I grabbed Walter by the collar and rammed him against the hood of the car.
“Then you want to push that same garbage on Travis!” I shouted. “Explain that!”
“It wasn’t the same, not even close,” Walter said. “You’ve got to believe me. I never wanted anything but the best for Alex, for both of them.”
“No, you only wanted the best for you,” I told him, an instant before I punched him in the solar plexus.
Before I let myself do the wrong thing, before I split his skull open, I pulled him off the car’s hood and shoved him inside the driver’s door. Then I closed the door, picked up a garbage can, and smashed in the locks on both sides. After that, I took my keys and heaved them onto the dealership’s roof. The last step was calling the cops—even though they were probably going to arrest me too.
Chapter 29
Dad wired us money, in case Mom had to post bail for Carter. But that wasn’t necessary after Walter Henry refused to press any charges.

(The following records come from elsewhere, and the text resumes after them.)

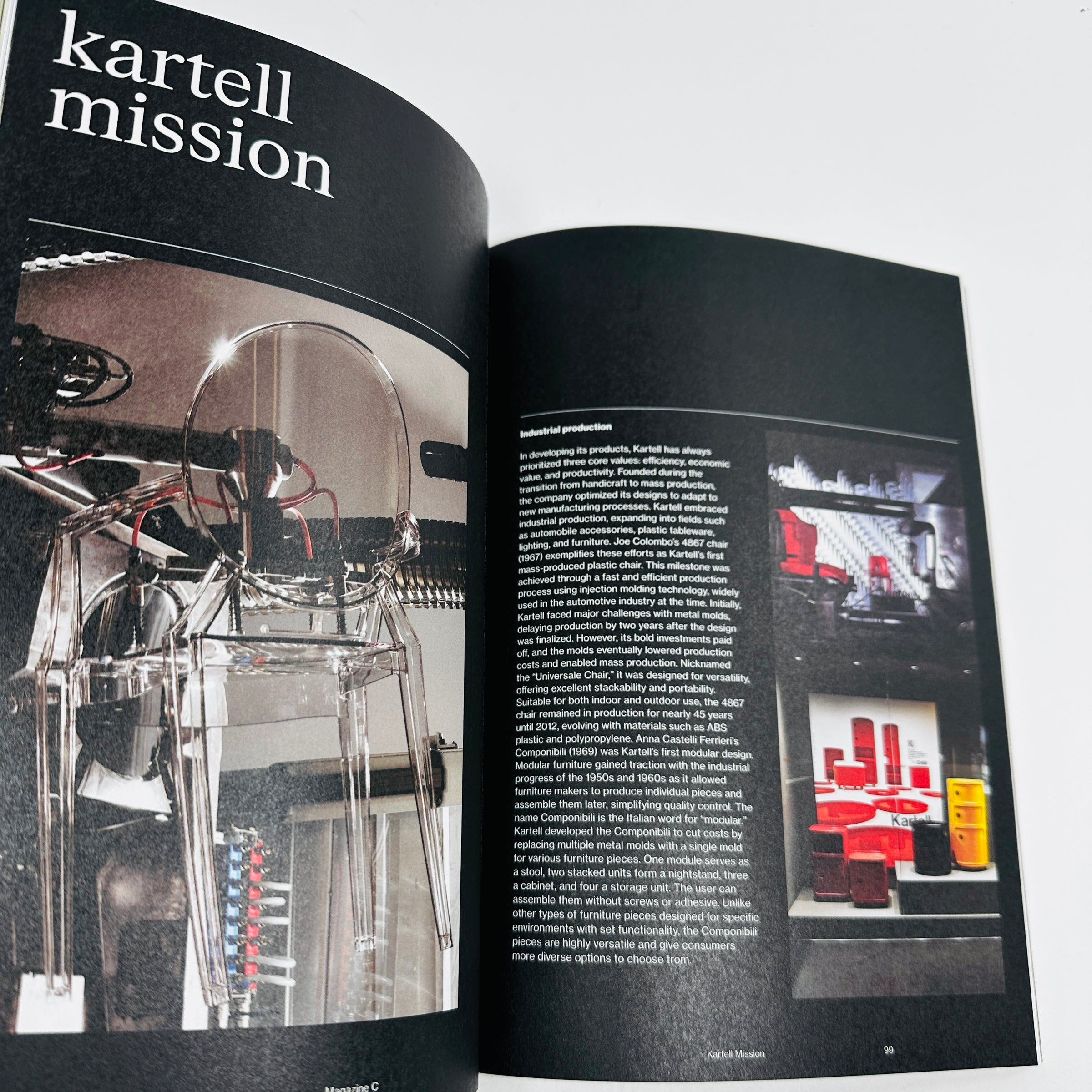The Louis Ghost chair, designed by Philippe Starck and produced by Italian furniture maker Kartell in 2002, is an exceptional, globally renowned chair that is elegant, sturdy, lightweight, and transparent. Drawing inspiration from the 18th-century baroque style, it features a classic design and innovative use of single-mold transparent polycarbonate. And while this armchair may be transparent, its presence is clear and bold as a timeless, iconic piece of furniture. Rather than harnessing extravagant details, however, it offers a quiet beauty that complements any space. The Louis Ghost chair’s versatile, high-quality plastic design has earned it lasting fame and continues to be a worldwide favorite. Magazine C is a chair documentary magazine made by grandeclip, building upon the brand of Magazine B. Starting with a single iconic chair, Magazine C encompasses design, lifestyle, and industry. The criteria for selecting iconic chairs as our main theme are as follows: Originality in configurations Implementation of innovative technology Innovational presence in the industry Influences on public lifestyle.
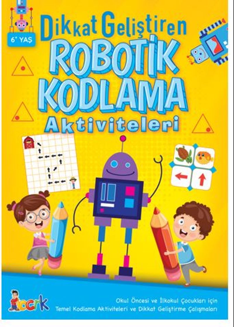 Başarılı bir okul hayatının yolu sağlam temeller üzerine kurulmuş çocukluk döneminden geçer. Çocuklarla bağ kurmanın ve güzel vakit geçirmenin en kolay yolu kitaplardır. Aktivite kitapları, sağlıklı okul dönemi için ilk adımlardan biridir. “Dikkat Geliştiren Robotik Kodlama Aktiviteleri” kitabıyla çocuklarımızın dikkat yetenekleri gelişecek, hataları azalacak ve karşılarına çıkan problemleri daha rahat çözebilecekler. Odaklanma ve dikkat geliştirme, yönergeleri anlayıp uygulama  becerisi kazanma, el-göz koordinasyonunu güçlendirme, motor becerileri geliştirme gibi konularda en büyük yardımcınız olacak bu kitap ile çocuklar çok eğlenecek, eğlenirken öğrenecekler.
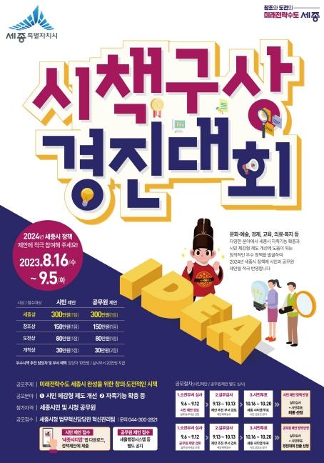 세종특별자치시가 창의적인 정책 아이디어를 모집하기 위해 시민과 시청 공무원을 대상으로 16일부터 오는 9월 5일까지 ‘2024년도 시책구상 경진대회’를 개최한다.
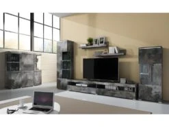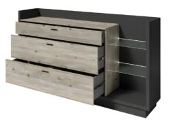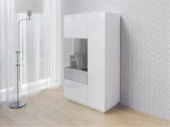 Buffet Haut Avec LED Collection KILES Deux Portes. Coloris Blanc Et ChĂȘne. Porte VitrĂ©e Ă Droite
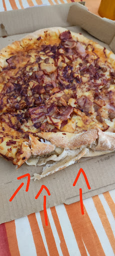 “pizza carne y bacon” 4 cachitos de carne repartidos en 3 triángulos y solos 6 pedazos de bacon.
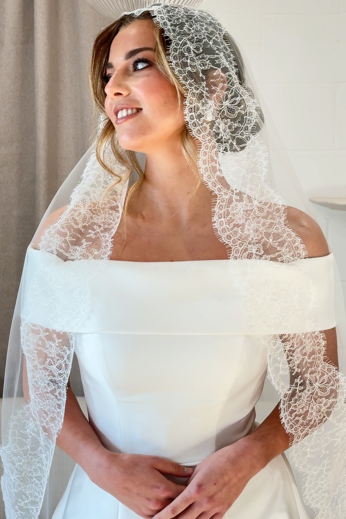 Make an entrace with this stunning eyelash lace mantilla veil, the delicate florals and scallops gently cascade around each other creating an on trend chantilly style look. Perfect for wearing with plainer dresses for a classic and sleek look. Available in any of our mantilla sizes.
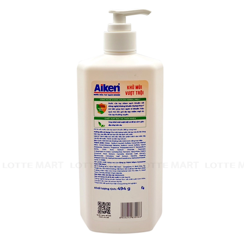 Nước Rửa Tay Aiken Sạch Khuẩn Khử Mùi Vượt Trội Chai 494G
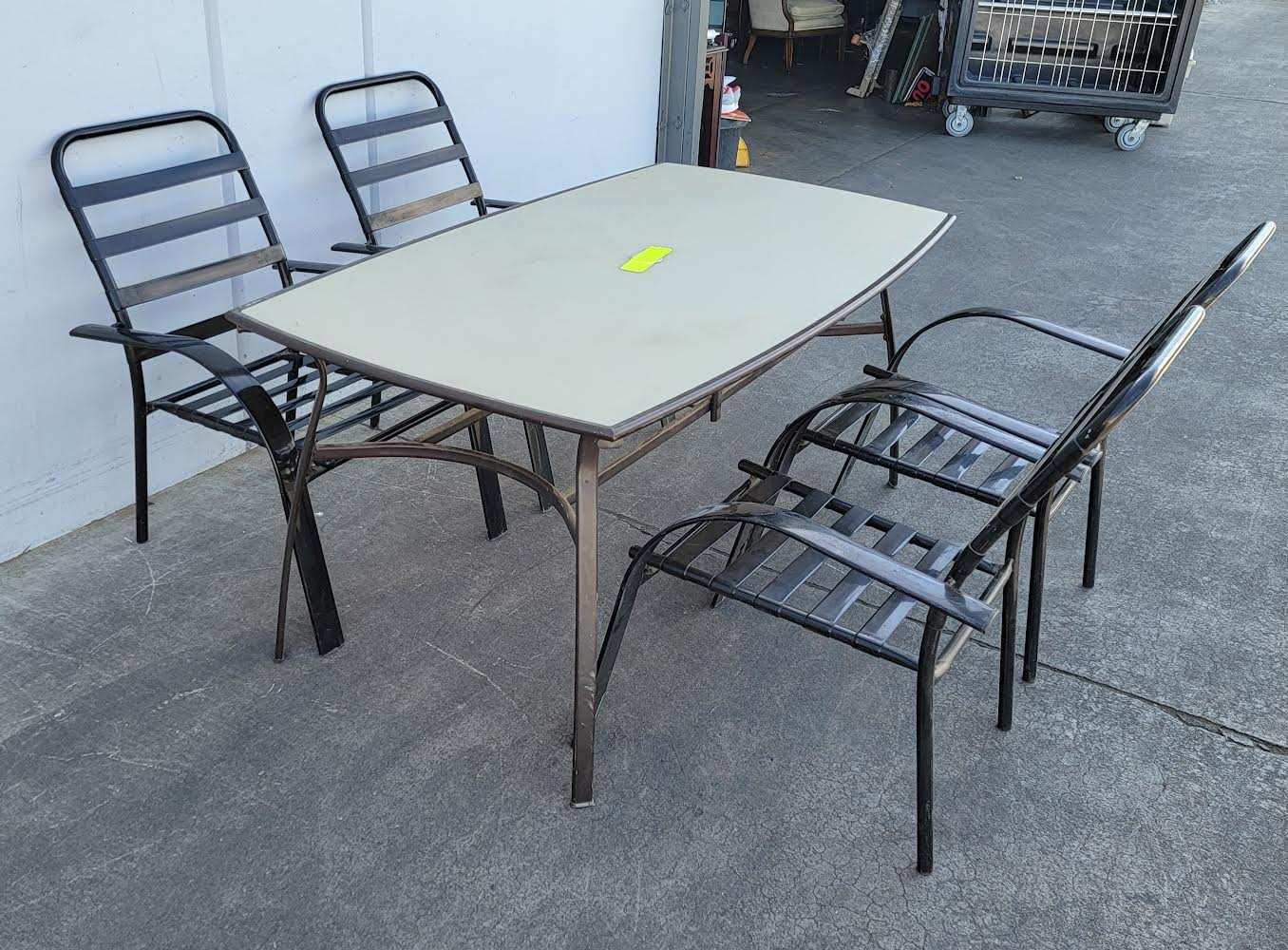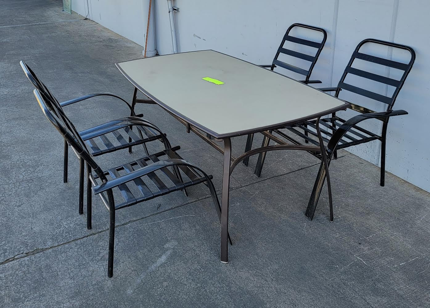 Hello we are selling a Patio /outdoor set rectangular table and 4 chairs black , it is in good condition .
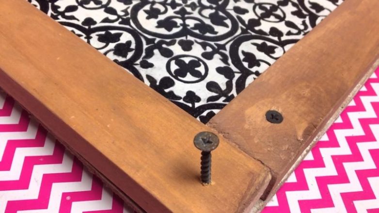 По краям отмерить рамку по ширине брусков. Выбрать шаблон — узор будущего стола, с помощью копирки перевести на поверхность.

“I know exactly what he’s thinking,” Mom said, barely able to control her temper as we waited for the police to release Carter. “That if he doesn’t press charges, we won’t. But that’s not going to happen. I don’t care how much money he has or what kind of lawyer he hires. He belongs behind bars for pushing poison at my son.”
Then she turned her anger toward me.
“And Travis Jerome Gardner,” she said, hitting my middle name like a kick drum. “If I go into your dresser drawer, you’re saying I’ll find steroids that you brought into my home?”
“Yes, ma’am,” I answered, with my eyes on that police station floor.